Content creators and copyright holders are concerned about GenAI models training on copyrighted material and reproducing copyrighted material in their output that infringes on their rights, without license or compensation. The AI industry generally believes that AI Models should be permitted to train on any publicly available material, much the same way that humans learn from the entire culture — reading library books, watching TV shows, and listening to music. AI models do not reproduce exact training data sets for unrelated queries, but their ability to combine, derive, and sometimes recall portions of the training corpus changes the presumptions.

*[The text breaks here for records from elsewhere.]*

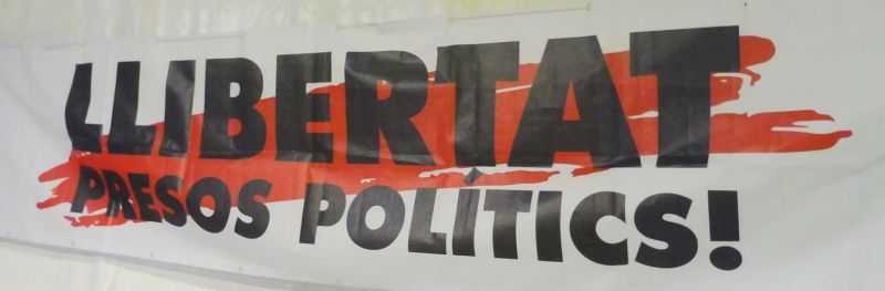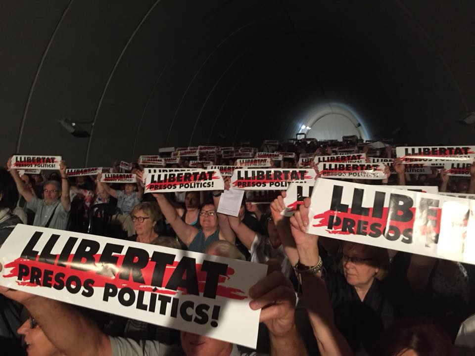 Tothom damunt el seient tenia un rètol demanant la llibertat dels presos polítics. Aquest va ser el moment d’agafar-lo i mostrar-lo com a rebuig dels seu empresonament i exili per tal de revindicar una justícia que des de fa tant temps els hi està sent negada.
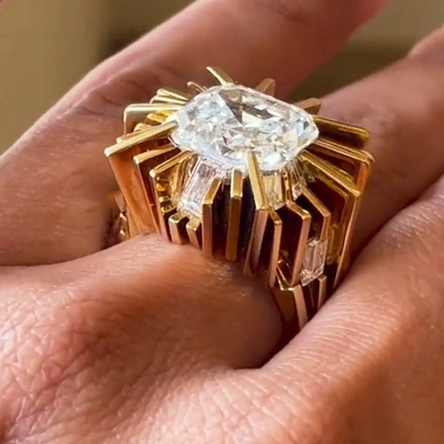 Discover the timeless beauty of the Feminine 4ct Asscher Cut White Sapphire Women's Engagement Ring in Gold, a stunning piece of jewelry designed to captivate and enchant. This engagement ring features a breathtaking 4-carat Asscher-cut white sapphire at its center, showcasing its exceptional clarity and radiant sparkle. Crafted from high-quality gold, this ring is designed to fit comfortably on the finger and features a delicate, feminine band that complements the central gemstone perfectly. Whether you're proposing to the love of your life or treating yourself to a special piece of jewelry, this engagement ring is sure to make a lasting impression. With its unique Asscher-cut design and luxurious gold finish, this ring is a true masterpiece of craftsmanship and elegance.
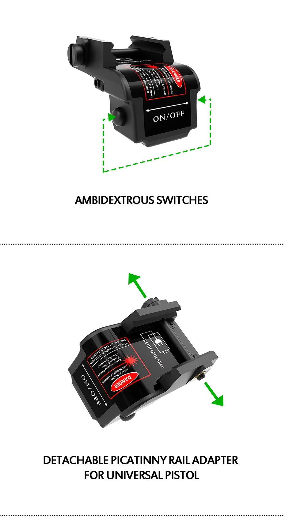 Подходит для всех пистолетов с Пикатинни. Ударопрочный и низкий уровень работы. Лазер может быть отрегулирован (L/R, U/D)
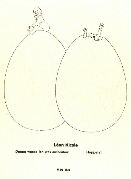 (orig.: Gegen rote und braune Fäuste. 380 Zeichnungen, gesammelt aus den Nebelspalter-Jahrgängen 1932 bis 1948). E. Löpfe-Benz-Verlag, Rorschach 1949 Comment In Switzerland the Hitler
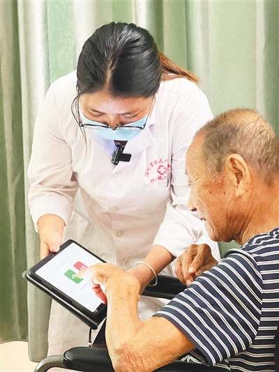 儋州市那大镇卫生院,一名护士指导老人做认知康复数字疗法训练。
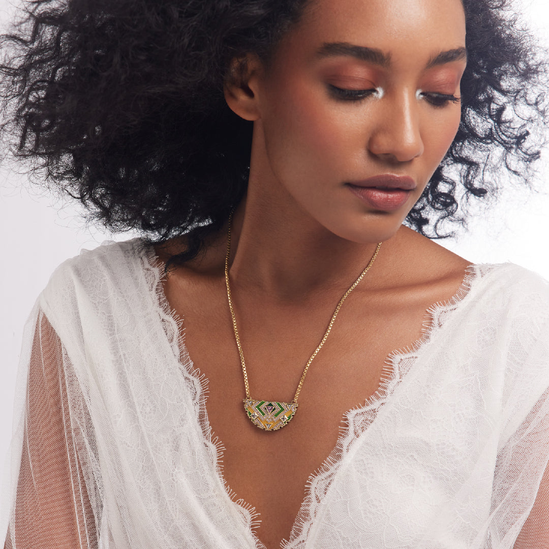A poetic interplay of a half-moon motif, intricate enamel work, and semi-precious stones makes this a truly exquisite necklace.
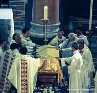 Padres venerando suas relíquias na Catedral Metropolitana de Medellín.
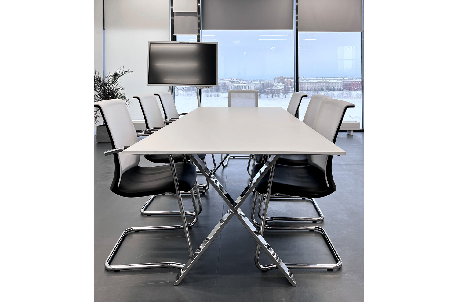 Стол для переговоров 240х110 мм на Х-образных хромированных опорах.

Open Source Software proved to be a huge benefit to the technology industry by encouraging innovation and leveraging the skills of a vast pool of talent around the world. Open Source AI will provide a fertile ground for a similar impact. AI entrepreneurs need the same access to and benefits from Open Source AI models as Open Source Software provided. The largest and best AI models are trained on copyrighted material. If access to the best models and best training data are limited to closed models or models with restrictions on use, progress in the AI industry could be strangled.
The OSI (Open Source Initiative) AI license definition will guarantee commercial use (see the Open Source AI Draft here). We have analyzed the challenges associated with the Open Source AI definition in our previous blog. If so-called Open Source AI models are trained on copyrighted material, because the models are derivative works, it might not be possible to use them for commercial purposes. The small and medium businesses developing new businesses around AI models don't have the resources to seek out and license each piece of training material independently. The large companies that create state-of-the-art Open Source foundation AI models may license the training material for their own, commercial use, but they are not necessarily going to acquire the rights for all downstream users.
We would like to explore the challenge associated with copyrighted material and AI by providing reference to the challenge of patents owned by the technology sector.
The Open Invention Network and non-assertion guarantees of corporate participants provide patent protection, but there is nothing equivalent to training data, and the copyright owners have different motivations than tech companies. For software development, the tech companies both owned the patents and directly benefited from the innovation of Open Source Software, so they could trade off the benefits derived from the different assets in their corporate portfolio, especially in collaboration with other tech companies. For Open Source AI models, the copyrighted training data is owned by and benefits different entities than the AI models. The owners of the copyrighted data need to be compensated in some manner, either through licenses, royalties, or outright purchase of the rights.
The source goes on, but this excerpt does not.